EXTRACTED INFORMATION section start

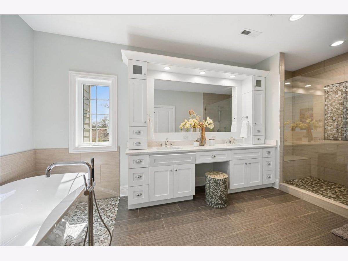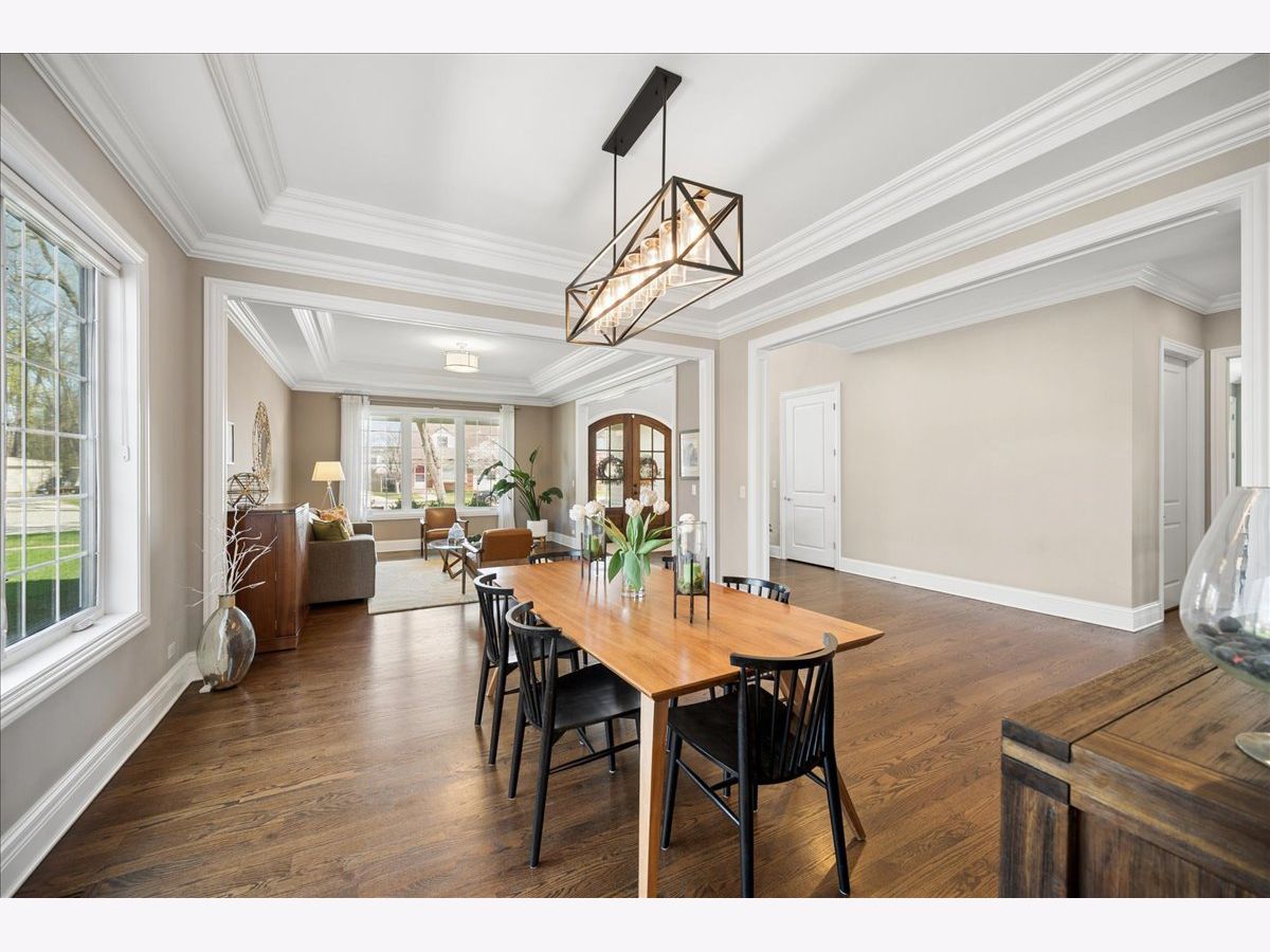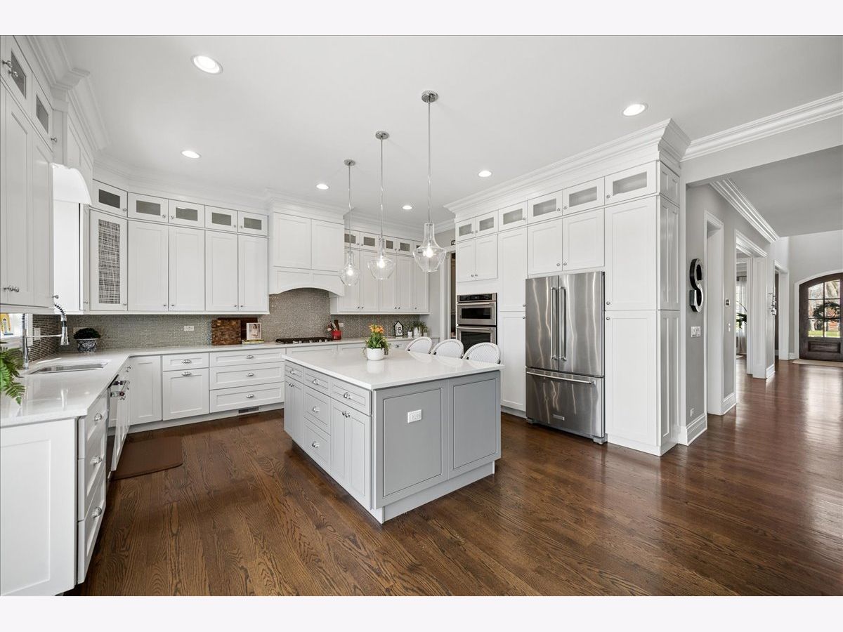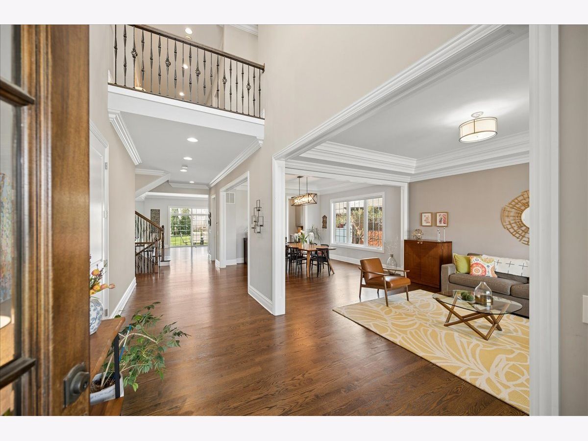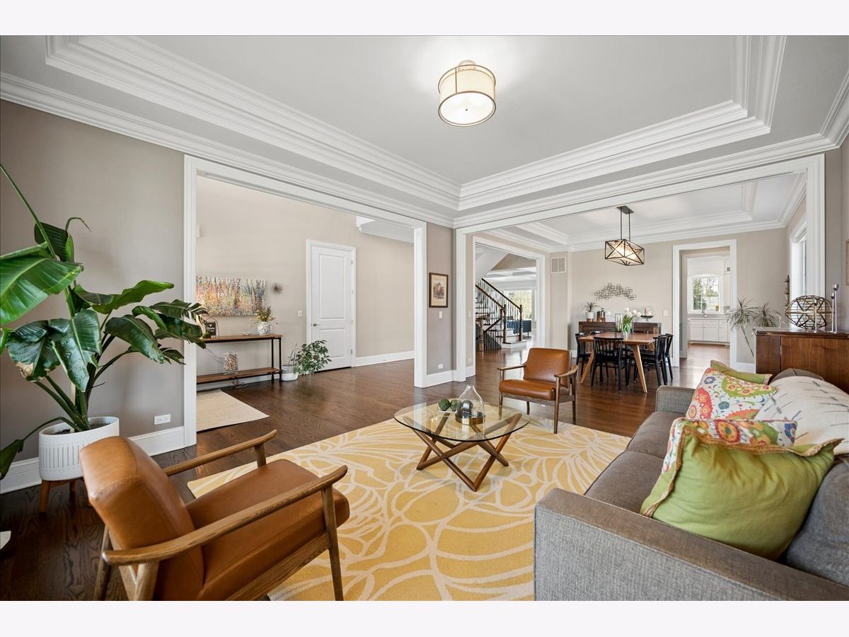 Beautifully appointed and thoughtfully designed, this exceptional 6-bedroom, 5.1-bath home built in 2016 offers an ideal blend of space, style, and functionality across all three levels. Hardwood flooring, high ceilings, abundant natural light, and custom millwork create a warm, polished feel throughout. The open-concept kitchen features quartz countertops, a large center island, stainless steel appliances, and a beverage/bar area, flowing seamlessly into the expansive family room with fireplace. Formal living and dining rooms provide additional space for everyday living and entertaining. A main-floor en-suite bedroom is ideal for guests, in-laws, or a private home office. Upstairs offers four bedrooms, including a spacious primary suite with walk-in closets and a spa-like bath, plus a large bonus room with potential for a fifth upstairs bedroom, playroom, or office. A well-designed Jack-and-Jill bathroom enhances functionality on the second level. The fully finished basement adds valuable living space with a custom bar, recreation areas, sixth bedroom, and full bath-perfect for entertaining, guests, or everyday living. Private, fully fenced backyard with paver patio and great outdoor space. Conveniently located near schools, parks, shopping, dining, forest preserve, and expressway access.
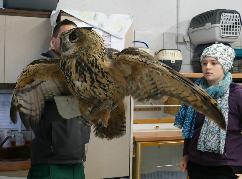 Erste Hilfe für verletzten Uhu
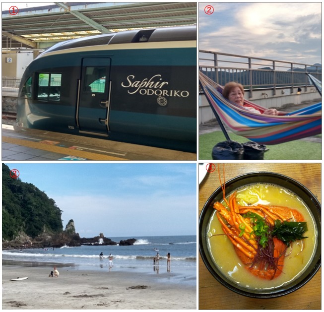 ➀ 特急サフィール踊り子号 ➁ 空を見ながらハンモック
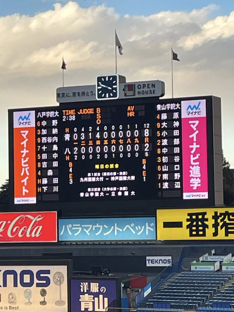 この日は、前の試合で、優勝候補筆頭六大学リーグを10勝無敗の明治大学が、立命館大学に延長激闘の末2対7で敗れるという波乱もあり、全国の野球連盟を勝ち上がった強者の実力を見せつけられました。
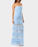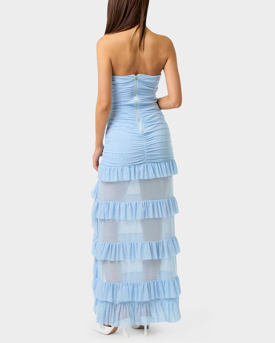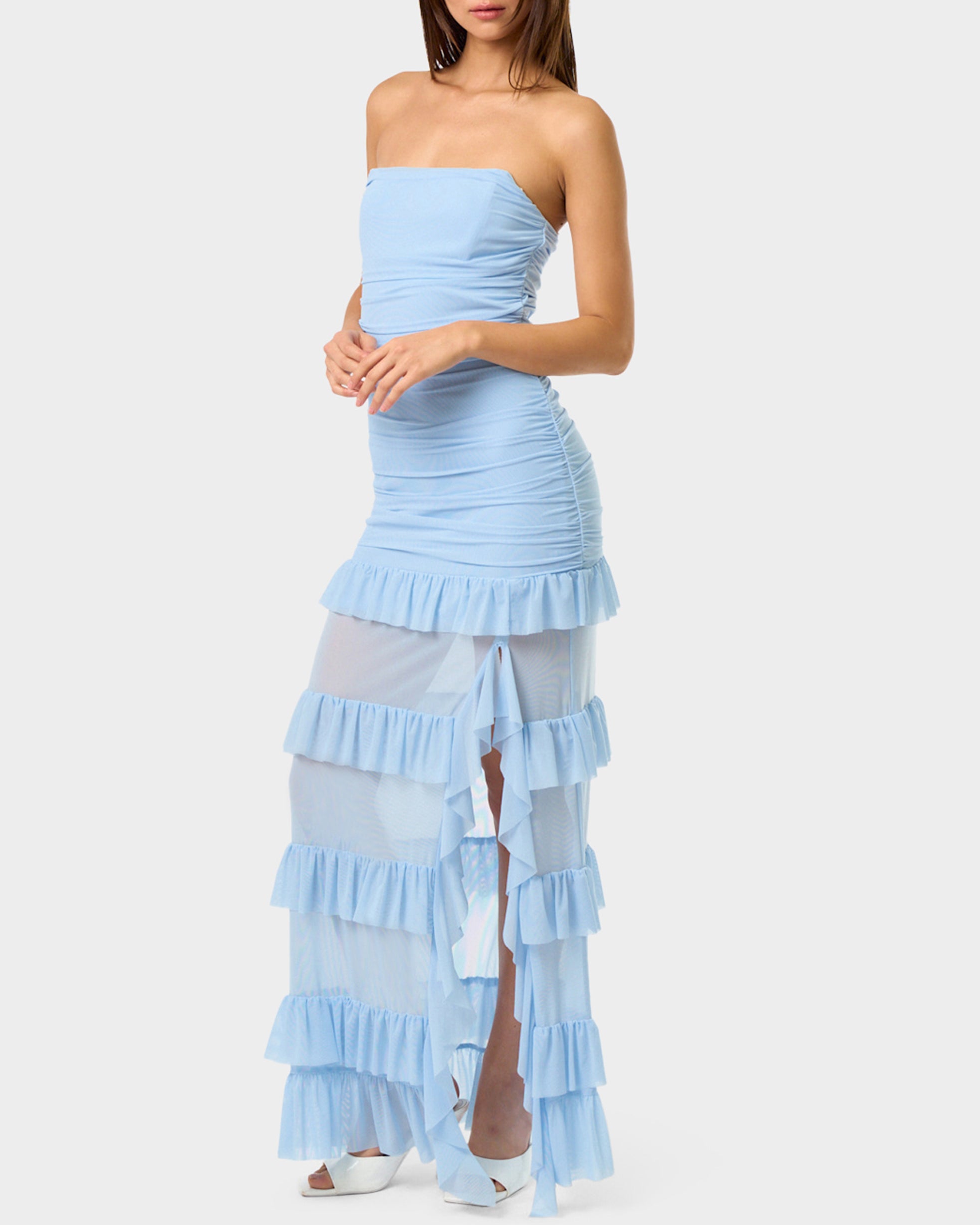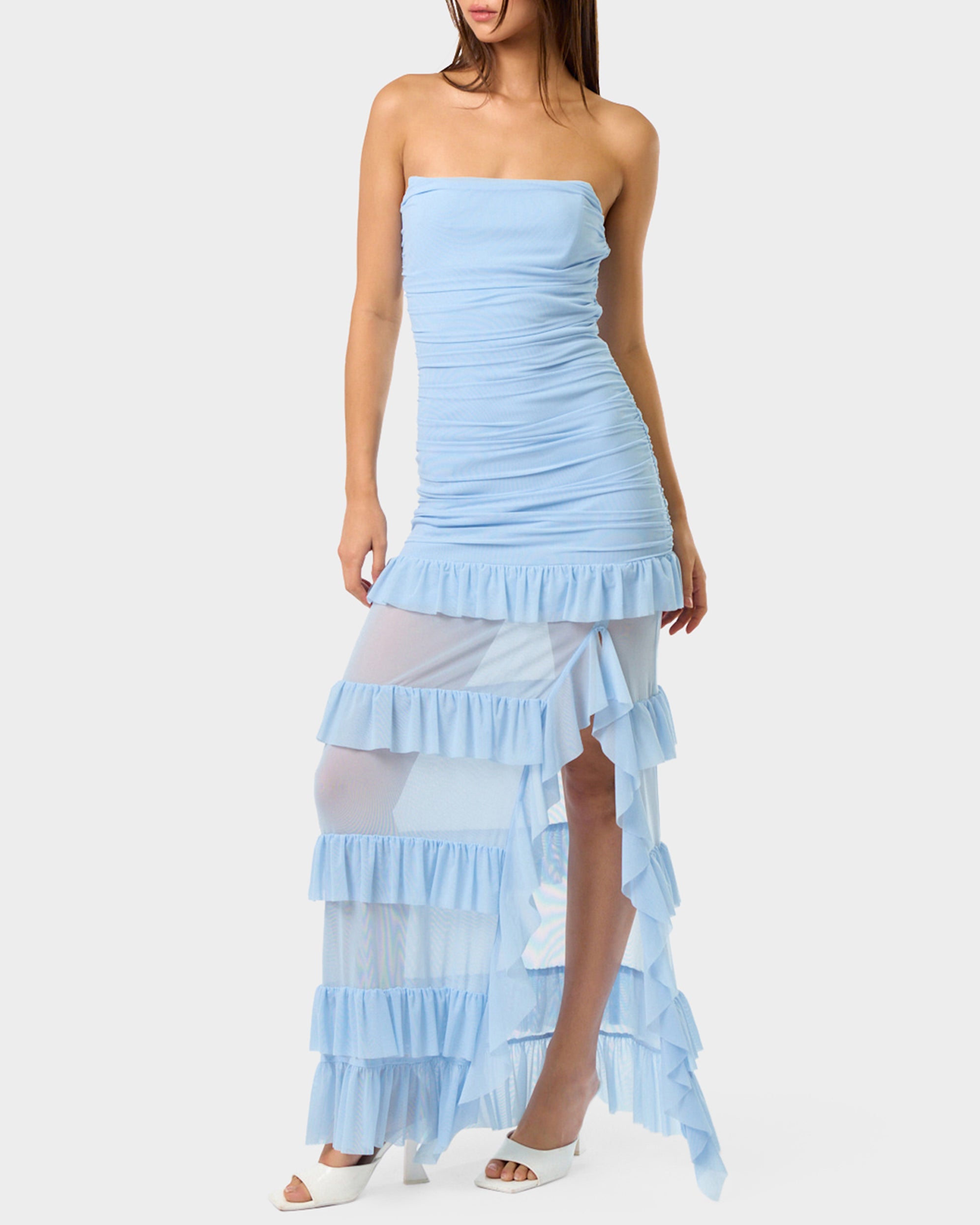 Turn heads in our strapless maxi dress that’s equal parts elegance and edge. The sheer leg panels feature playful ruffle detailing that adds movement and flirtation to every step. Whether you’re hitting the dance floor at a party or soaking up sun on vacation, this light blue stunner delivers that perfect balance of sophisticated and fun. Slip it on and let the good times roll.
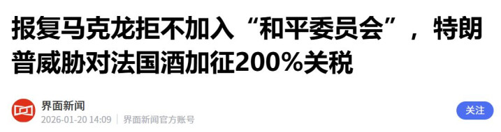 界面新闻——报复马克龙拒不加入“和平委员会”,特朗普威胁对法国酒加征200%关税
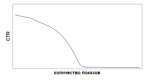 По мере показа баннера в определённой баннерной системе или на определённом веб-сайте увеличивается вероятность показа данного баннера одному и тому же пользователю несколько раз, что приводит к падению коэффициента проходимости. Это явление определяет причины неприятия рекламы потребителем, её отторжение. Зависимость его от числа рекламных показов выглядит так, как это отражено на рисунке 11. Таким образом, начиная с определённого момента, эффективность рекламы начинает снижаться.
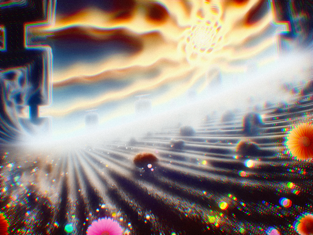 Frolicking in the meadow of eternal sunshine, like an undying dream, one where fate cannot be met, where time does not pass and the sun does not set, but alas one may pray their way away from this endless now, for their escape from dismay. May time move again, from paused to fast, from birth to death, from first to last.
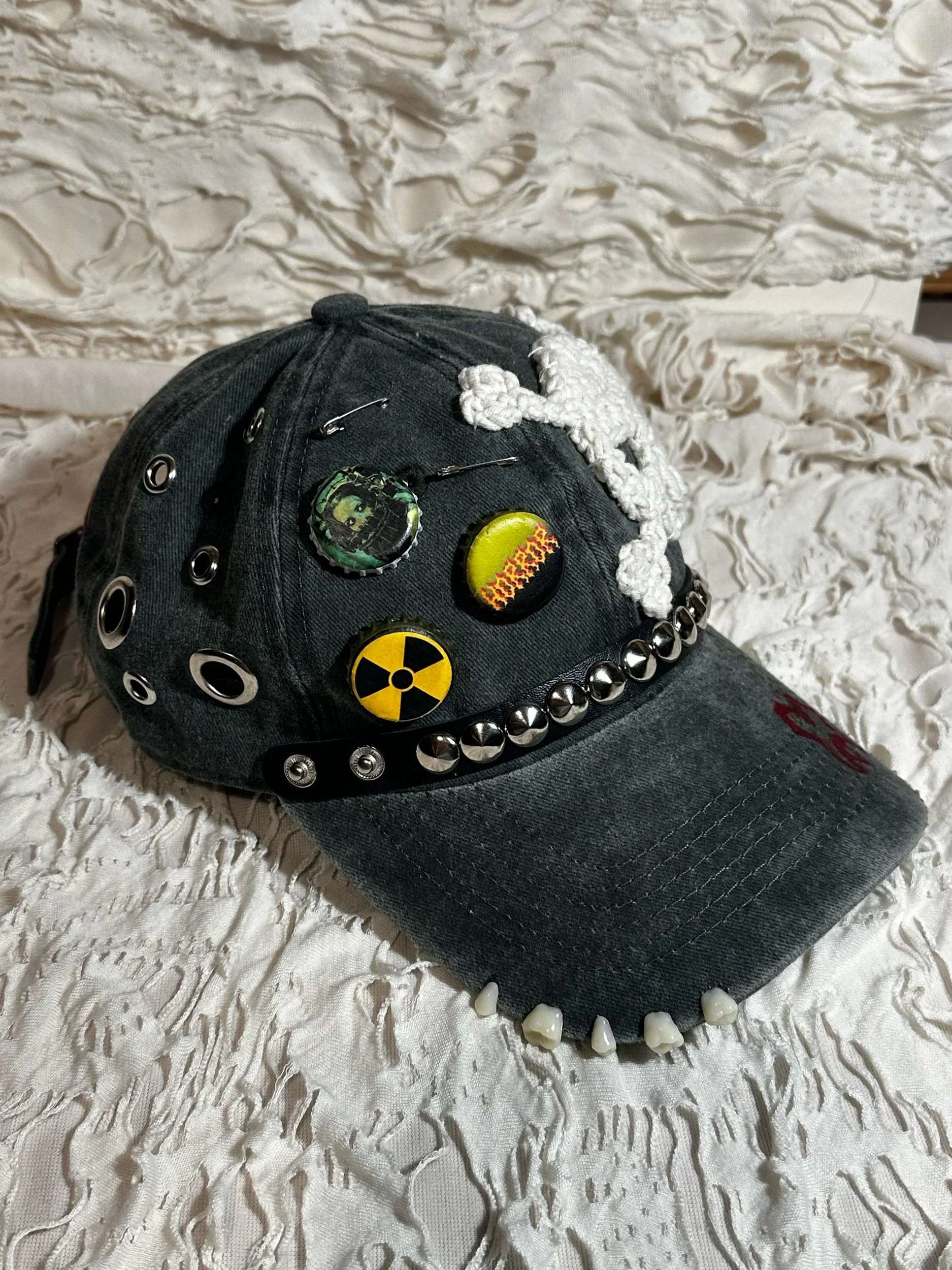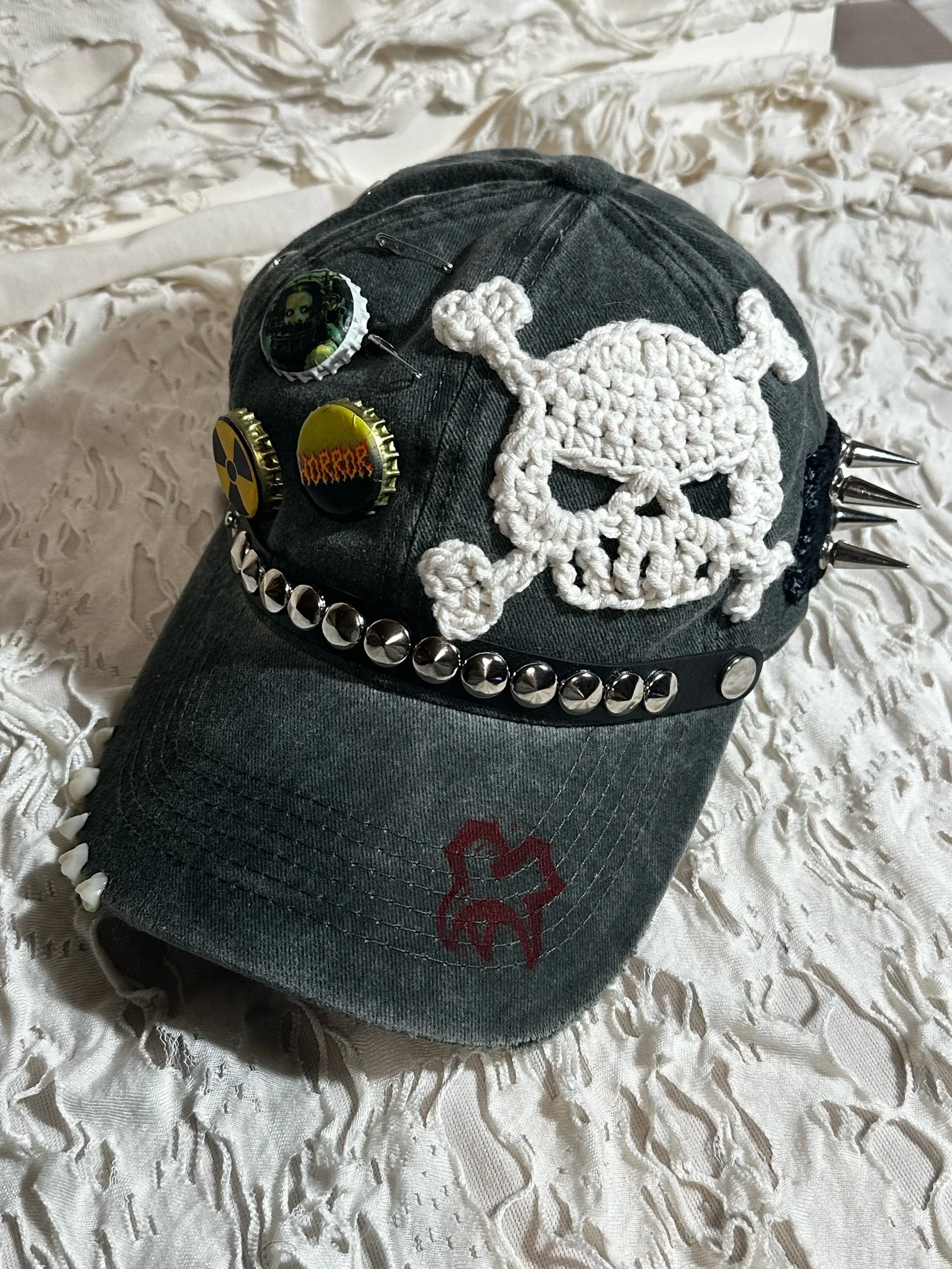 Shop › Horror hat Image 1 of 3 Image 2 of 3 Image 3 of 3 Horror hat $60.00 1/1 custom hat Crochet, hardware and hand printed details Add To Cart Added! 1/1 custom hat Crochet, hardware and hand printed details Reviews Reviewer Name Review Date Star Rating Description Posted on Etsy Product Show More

EXTRACTED INFORMATION section end

DESCRIPTION OF THE TASK:
Restate the whole listing exactly as written, minus the pictures.

RESULT BELOW:
 Beautifully appointed and thoughtfully designed, this exceptional 6-bedroom, 5.1-bath home built in 2016 offers an ideal blend of space, style, and functionality across all three levels. Hardwood flooring, high ceilings, abundant natural light, and custom millwork create a warm, polished feel throughout. The open-concept kitchen features quartz countertops, a large center island, stainless steel appliances, and a beverage/bar area, flowing seamlessly into the expansive family room with fireplace. Formal living and dining rooms provide additional space for everyday living and entertaining. A main-floor en-suite bedroom is ideal for guests, in-laws, or a private home office. Upstairs offers four bedrooms, including a spacious primary suite with walk-in closets and a spa-like bath, plus a large bonus room with potential for a fifth upstairs bedroom, playroom, or office. A well-designed Jack-and-Jill bathroom enhances functionality on the second level. The fully finished basement adds valuable living space with a custom bar, recreation areas, sixth bedroom, and full bath-perfect for entertaining, guests, or everyday living. Private, fully fenced backyard with paver patio and great outdoor space. Conveniently located near schools, parks, shopping, dining, forest preserve, and expressway access.
 Erste Hilfe für verletzten Uhu
 ➀ 特急サフィール踊り子号 ➁ 空を見ながらハンモック
 この日は、前の試合で、優勝候補筆頭六大学リーグを10勝無敗の明治大学が、立命館大学に延長激闘の末2対7で敗れるという波乱もあり、全国の野球連盟を勝ち上がった強者の実力を見せつけられました。
 Turn heads in our strapless maxi dress that’s equal parts elegance and edge. The sheer leg panels feature playful ruffle detailing that adds movement and flirtation to every step. Whether you’re hitting the dance floor at a party or soaking up sun on vacation, this light blue stunner delivers that perfect balance of sophisticated and fun. Slip it on and let the good times roll.
 界面新闻——报复马克龙拒不加入“和平委员会”,特朗普威胁对法国酒加征200%关税
 По мере показа баннера в определённой баннерной системе или на определённом веб-сайте увеличивается вероятность показа данного баннера одному и тому же пользователю несколько раз, что приводит к падению коэффициента проходимости. Это явление определяет причины неприятия рекламы потребителем, её отторжение. Зависимость его от числа рекламных показов выглядит так, как это отражено на рисунке 11. Таким образом, начиная с определённого момента, эффективность рекламы начинает снижаться.
 Frolicking in the meadow of eternal sunshine, like an undying dream, one where fate cannot be met, where time does not pass and the sun does not set, but alas one may pray their way away from this endless now, for their escape from dismay. May time move again, from paused to fast, from birth to death, from first to last.
 Shop › Horror hat Image 1 of 3 Image 2 of 3 Image 3 of 3 Horror hat $60.00 1/1 custom hat Crochet, hardware and hand printed details Add To Cart Added! 1/1 custom hat Crochet, hardware and hand printed details Reviews Reviewer Name Review Date Star Rating Description Posted on Etsy Product Show More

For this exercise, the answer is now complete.